Because you made this last part up.
The Note sold 10 million units in a matter of months.
http://www.theverge.com/2012/8/16/3246378/samsung-galaxy-note-sales-10-million-worldwide.
Over the life of the product, to date? I have no idea how many units it sold total- the Note 2 came out and sales figures of the original Note weren't news worthy anymore, but it's a pretty safe bet they've sold millions more since then.
Ok, you understand that you linked the exact sales sales figure article that I linked in my original post, correct? And that it's dated for August 2012, 10 months after the release of the Note in October 2011? And that the Note 2 came out in September 2012, one month after this press release and that, obviously, GNote sales dropped off since then.
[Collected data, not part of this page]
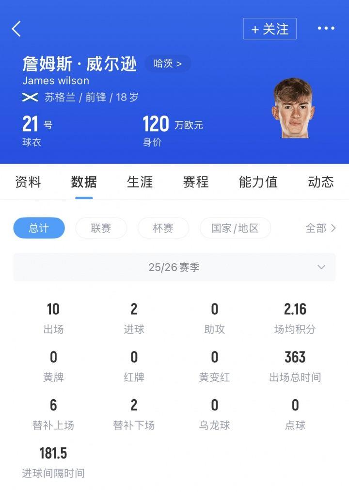 詹姆斯·威尔逊现年18岁,位置前锋,出自哈茨青训,2024年被哈茨升至1线队,他上赛季代表哈茨出战32场,贡献6球3助攻,本赛季代表哈茨共出战10场,贡献2球。
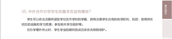 為了進(jìn)一步加強(qiáng)對(duì)中外合作辦學(xué)政策的宣傳,使廣大校區(qū)師生更好地了解和掌握中外合作辦學(xué)信息,國際交流與合作辦公室陸續(xù)推出《中外合作辦學(xué)100問》的學(xué)習(xí)活動(dòng),定期更新由中國教育國際交流協(xié)會(huì)編寫的手冊(cè)內(nèi)容。
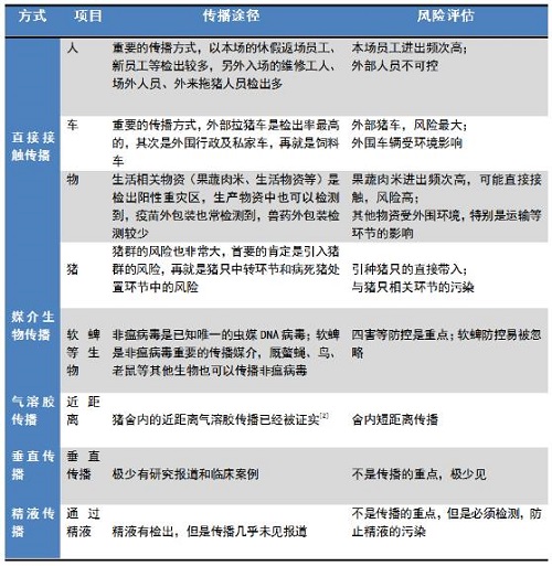 非瘟主要的傳播方式是直接接觸傳播,也存在媒介生物、氣溶膠、垂直傳播和精液傳播等傳播。臨床中這些傳播方式的主要特點如下表所示。
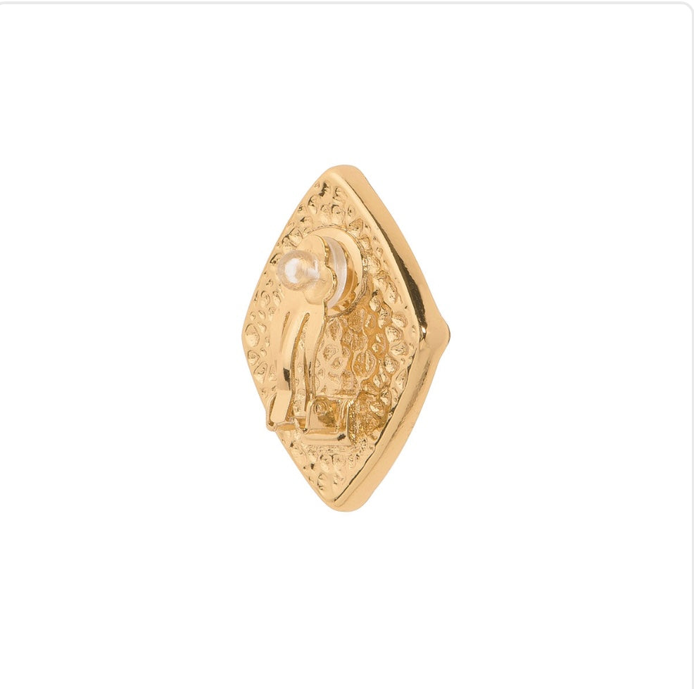 Description: Earrings GOLD PLATED CLIP EARRINGS IN MOTHER OF PEARL AND CRYSTAL COLORED STONES.
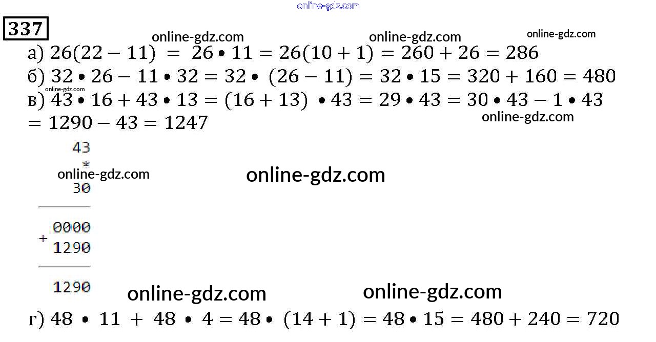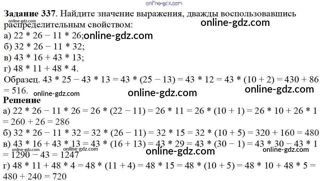 Готовые домашние задания по Математике за 5 класс Учебник Дорофеев, Шарыгин 2015 - 4.2. Распределительное свойство Глава 4. Использование свойств действий при вычислениях 337

So we are estimating here, but it's highly doubtful they doubled that number since then or even increased it by 50%. If I had to guess, I'd probably say the Note's lifetime sales sit at around 12-13m which, for the sake of this discussion, don't make a significant difference in my viewpoint.
I'm not sure what you think I made up. I posted the same article you did and clearly stated that 10m units were for the first 10 months of its release, a rate of about 1m a month. I suppose I would need to know what your definition of "a matter of months" is. is it 11? For me, a "matter of months would be about 4. 5 tops. 6 becomes half a year.
And once more- it goes to show you ( and others) have a WACKED sense of business that you think selling 10 million units of something that's a mult-hundred dollar item isn't a huge success that any business would kill for. It just shows you're simply not comprehending the numbers involved- not in a sense of just how many of something that is, or the massive dollar amounts. (For an album that costs just $10 for example, that'd be considered 10x platinum. If you think even that figure happens every other week for recording artists- and in a matter of months no less- again, you're smoking something.)
10 million units (and however many since that figure was recorded last year) is a staggering sales achievement. People's complete ignorance of business doesn't change that.
Again, for the THIRD AND FINAL TIME, I do not mean to discount the success of the original Note. But you can't look at those sales figures and then wildly compare them to some other industry. You must put them in some sort of framework. Some sort of category. For the Note, that is the mobile device market. And, in the mobile device market, the Galaxy Note is not "an insanely huge hit". I'll go with my original label of "surprising hit" and feel that it adequately describes the sales figures of the Galaxy Note.
Clearly, Samsung saw the potential and I'm sure they didn't lose money on it (though I/no one else has ever claimed that it did). But to try and compare sales figures of a mobile phone to something completely unrelated like a album is just grasping for straws.